Anyway, I don't really want to go... but I am going for my daughter's sake. Her other cousins live interstate and she has no siblings. She spent time with my brother's baby a month or so ago when my mother babysat them both at the same time... and DD had a lot of fun playing with her. So yeah, I kind of want to let DD have some sort of relationship there.
That, and my mother is cracking it that we're "fighting," (even though we're not, my brother is just a jerk)... so I figure I realistically have to see them all of maybe twice a year, for her birthday and for Christmas, so I might as well just play it nice for a few hours twice yearly for her sake, and for my daughters.
But I feel so mean that I don't feel anything for this baby. She is just a random baby in the way I feel about her... I guess because I saw her only once, and I don't like her parents and have never had anything to do with her through their choice, I have just not cared.
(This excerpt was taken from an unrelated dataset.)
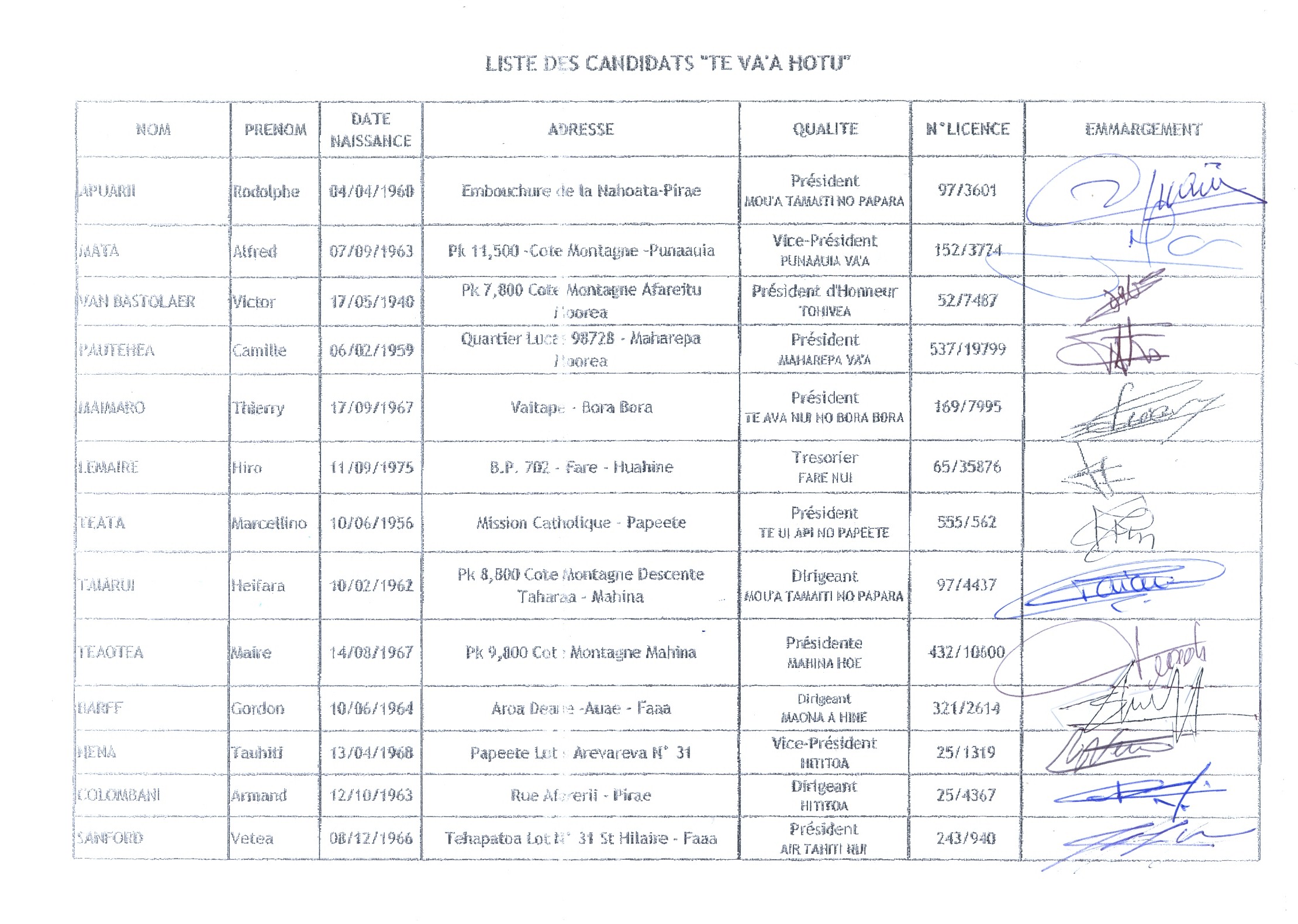 Sur cette liste ‘dissidente’ figurent également Hiro Lemaire de Huahine, Tauhiti Nena de Hititoa, Gordon Barff du club Maona a Hine, Vetea Sanford le président du club Air Tahiti Nui. Rappelons que sur cette 2e liste, Tauhiti Nena est le président du comité olympique et que Gordon Barff était chef de mission de la délégation tahitienne aux derniers jeux du Pacifique.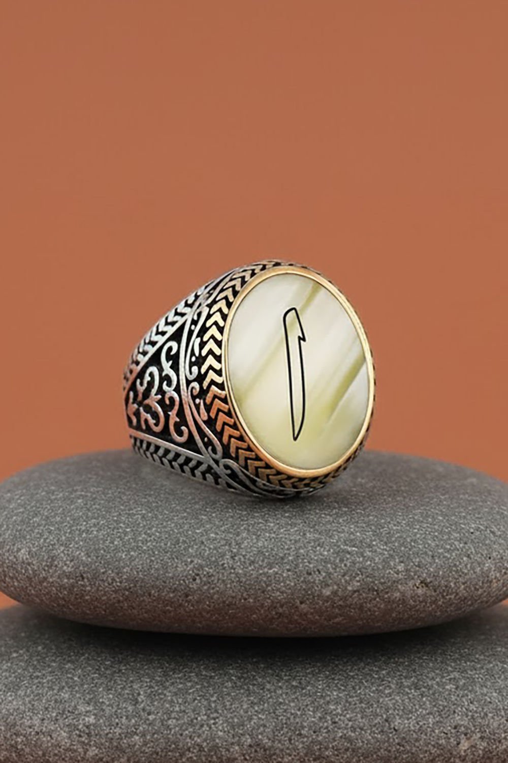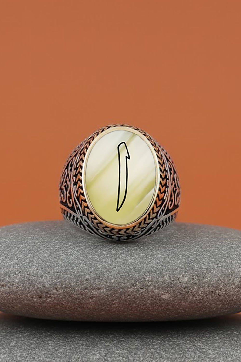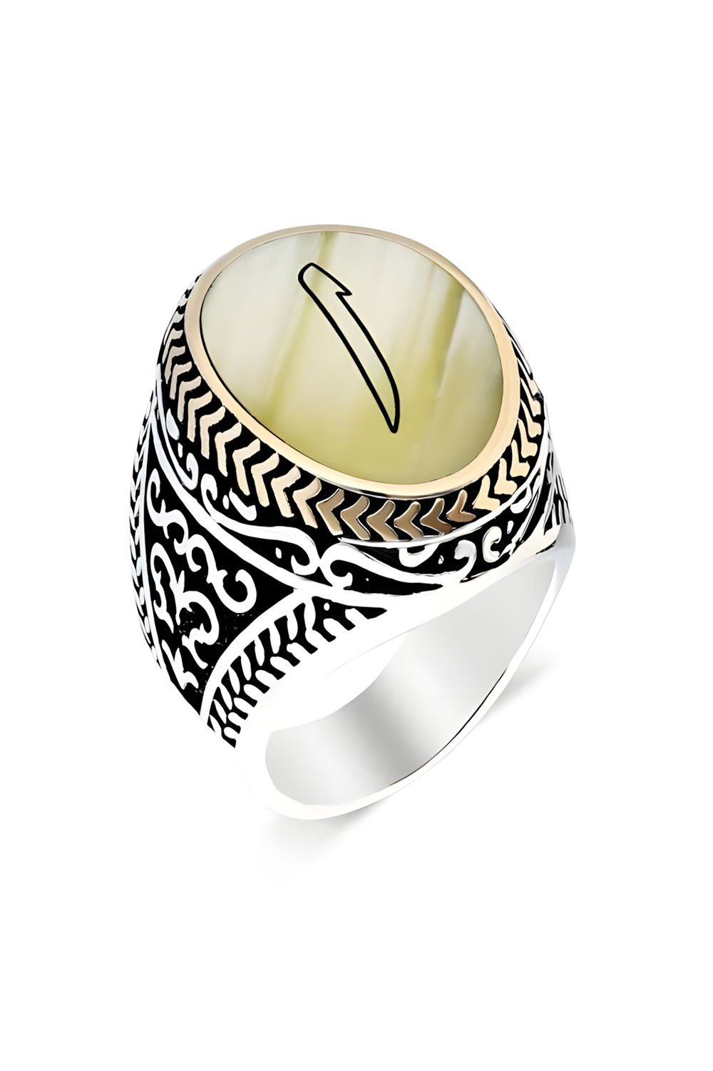 Sedef Taşı Üzerine Elif Gümüş Erkek Yüzük |

I was very excited to become an Aunty... but when they were all "You're a bad parent, a bad person and we don't want you in our baby's life," I guess I kind of gave up on being an Aunty and moved on from there.
Does it make me a horrible person? I will pretend that I am so happy and excited to see her turn 1 tomorrow... I know how to put on a show because I am kind of socially awkward and used to faking these things anyway, but I just don't feel ANYTHING for her. No love. No hate. No anything. SHe's just a baby... I would feel sad if anything happened to her, like I would any other baby I heard a sad story about, but I certainly don't feel love or affection for her.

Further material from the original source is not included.